Each virtual register has a suffix of either gpr (general-purpose register) or fpr (floating-point register). There are also physical registers in this MIR: $x0, $x10, $x11, $x12, $frm. Per the RISC-V calling convention, the three arguments to the function are in general-purpose registers $x10, $x11, and $x12 (pretty-printed as a0, a1, and a2). $x0 is a special register on RISC-V that always holds the value 0. $frm is the floating-point rounding-mode register. None of these can be virtual registers. A minor point to notice is the annotations on the virtual registers, killed and implicit. The operands of the FMADD_S, %30:fpr32 and %31:fpr32, are marked as killed, meaning that this is the final definition/use of those registers (these annotations are preliminary: the final annotations will be determined at a later stage). The register $frm is marked as implicit, meaning that it implicitly uses this register, and that this argument will be absent in the final assembly. The virtual registers must be turned into physical registers by the register allocator before emitting the final assembly.

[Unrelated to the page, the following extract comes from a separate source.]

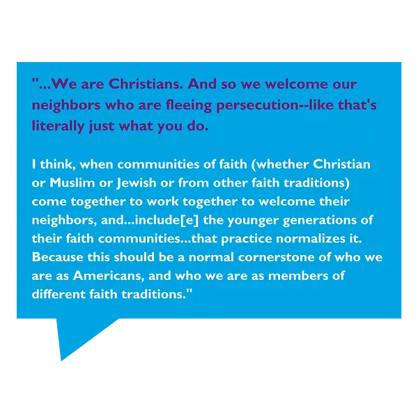 Duvall, excited for the possibilities of private sponsorship being acted upon within the U.S. resettlement landscape, says “We’re learning a lot from our Canadian friends to the north, because Canada has had a government resettlement scheme and a private sponsorship scheme for many decades. So a lot of what we’re doing in the U.S. is borrowing from our Canadian friends. So we know from Canada’s experience that this does work. And we know from our own experience in these early days, private sponsorship, that it works here as well. But it takes a lot of work. So this is something that you want a committed circle of neighbors, who care about this work passionately, to, to work to fund it, and then to work to enact it when their new neighbors arrive.”

Middle-end instructions like @llvm.fmuladd have been replaced by target-specific instructions like FMADD_S (pretty-printed as fmadd.s), and several pseudo-instructions like PseudoBR, PseudoRET, and COPY have been inserted in the process. The pseudo-instructions must be lowered to real instructions before emitting the final assembly.
There is some minor additional information in this MIR: the live-ins, or registers that are live at the point of entry, and the branch frequency information: bb.6 is going to be the successor basic-block of bb.6 97% of the time.
Although the instruction selection infrastructure, SelectionDAG †, is target-independent, we can see that our MIR is clearly specialized for RISC-V. All the information about the registers available on RISC-V are defined in RISCVRegisterInfo.td. The RISC-V instructions themselves come out of the specification RISCVInstrInfo.td, and the target-specific code that specifies how middle-end instructions should be lowered to instructions in this specification via SelectionDAG is RISCVISelLowering.cpp.
In order to understand the various steps after instruction selection, let us inspect the diffs produced at each step by running llc -print-changed=diff.
The first significant pass to run after the instruction selection is early-machinelicm, which is just a backend version of the middle-end loop invariant code motion transform. Next, we have livevars, which analyzes live variables, and marks registers as killed aggressively.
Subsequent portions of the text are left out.